Alteration of CTCF associated chromatin neighborhood inhibits TAL1-driven oncogenic transcription program and leukemogenesis

Aberrant activation of the TAL1 oncogene is associated with up to 60% of T-ALL patients and is involved in CTCF mediated genome organization within the TAL1 locus, suggesting the importance of the CTCF boundary in the molecular pathogenesis of T-ALL. Here, we show that deletion of CTCF binding site (CBS) or alternation of CTCF boundary orientation alters expression of the TAL1 oncogene in a cell context dependent manner. Deletion of the CTCF binding site located at -31 Kb upstream of TAL1 (-31CBS) reduces chromatin accessibility in the +51 enhancer and the TAL1 promoter I, and blocks long-range interaction between the +51 erythroid enhancer and TAL1 promoter 1b that inhibits expression of TAL1 in erythroid cells, but not in T-ALL cells. However, in the TAL1 expressed T-ALL primary patient samples or cell line, the T-ALL prone TAL1 promoter IV specifically interacts with the +19 stem cell enhancer that is located 19 kb downstream of the TAL1 promoter and required for TAL1 transcription in the hematopoietic stem cell (HSC) stage.

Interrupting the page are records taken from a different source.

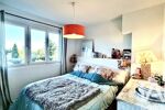 À l’étage, l’espace nuit comprend une grande chambre avec dressing, une chambre supplémentaire et une salle de bain avec WC. La grande chambre peut aisément retrouver sa configuration d’origine pour créer une troisième chambre, selon les besoins de la famille.
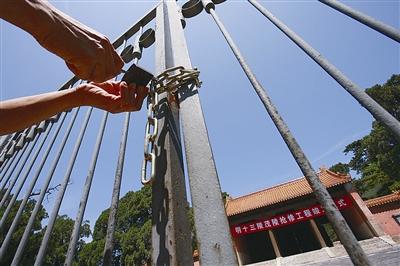 虽然刚刚维修完,茂陵大门紧锁。来十三陵游玩的市民,只能隔着10多米从铁栅栏缝隙看看紧锁的大门。
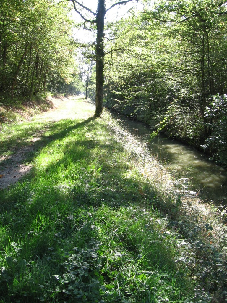 Français : Rigole de Courpalet, sur la commune de Lorris dans le Loiret. Elle alimente en eau le canal d'Orléans. |
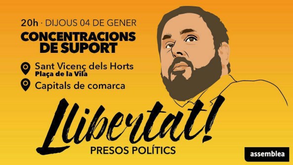 El rei Felip VI ens va contar per Nadal que Espanya és una democràcia madura. A Catalunya, ens sembla que un democràcia que té presos polítics i tribunals que poden alterar el resultat d’unes eleccions és una democràcia podrida. Fins que l’Oriol Junqueras no torni a Sant Vicenç dels Horts i tots els presos no siguin a casa seva, no descansarem. Sabem que una amplíssima majoria de catalans, partidaris de la República o no, de gairebé tots els partits i de moltíssimes organitzacions, unirem els nostres esforços contra la repressió i per la llibertat.
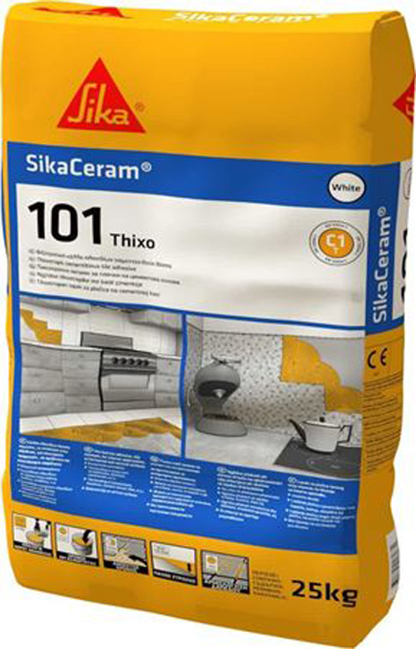 ΚΟΛΛΑ ΠΛΑΚΙΔΙΩΝ ΤΣΙΜΕΝΤΟΕΙΔΟΥΣ ΒΑΣΗΣ, ΚΑΤΗΓΟΡΙΑΣ C1Τ ΣΥΜΦΩΝΑ ΜΕ ΕΝ 12004-1 Η SikaCeram®-101 Thixo είναι ενός συστατικού, τσιμεντοειδής λευκή κόλλα πλακιδίων, μειωμένης ολίσθησης, με επιλεγμένα αδρανή, ειδικά πρόσμικτα και πολυμερή. Η SikaCeram®-101 Thixo μπορεί να χρησιμοποιηθεί για συγκόλληση πλακιδίων σε πάχος στρώσης μέχρι 10mm, σε εσωτερικές εφαρμογές, σε οριζόντιες και κατακόρυφες επιφάνειες. -Υψηλής θιξοτροπίας χωρίς κατακόρυφη ολίσθηση -Εξαίρετη πρόσφυση στα περισσότερα υποστρώματα -Ταχύτητα εφαρμογής-ευκολία στη διάστρωση

Inversion of -31CBS orientation, but not deletion of -31CBS, alters chromatin accessibility, enhancer/promoter histone modifications, CTCF-mediated topological associated domain (TAD), and enhancer/promoter interaction in the TAL1 locus leading to inhibition of TAL1 oncogene expression and TAL1-driven T cell leukemogenesis. Thus, our data reveal that the TAL1 +19 stem cell enhancer acts not only as stem cell enhancer, but also as a leukemia specific enhancer to activate the TAL1 oncogene in T-ALL. Manipulation of CTCF defined chromatin boundary can alter TAL1 TAD and oncogenic transcription networks in leukemogenesis. Overall design: We have finished the RNA-SEQ, ATAC-seq, ChIP-seq and HiC-seq to investigate the role of TAL1 transcription and CTCF boundaries in leukemogenesis. Jurkat leukemia cells and K562 cells were used to perform the RNA-seq, ATAC-seq, 4Cseq, CHIP-seq and HiC-seq analysis.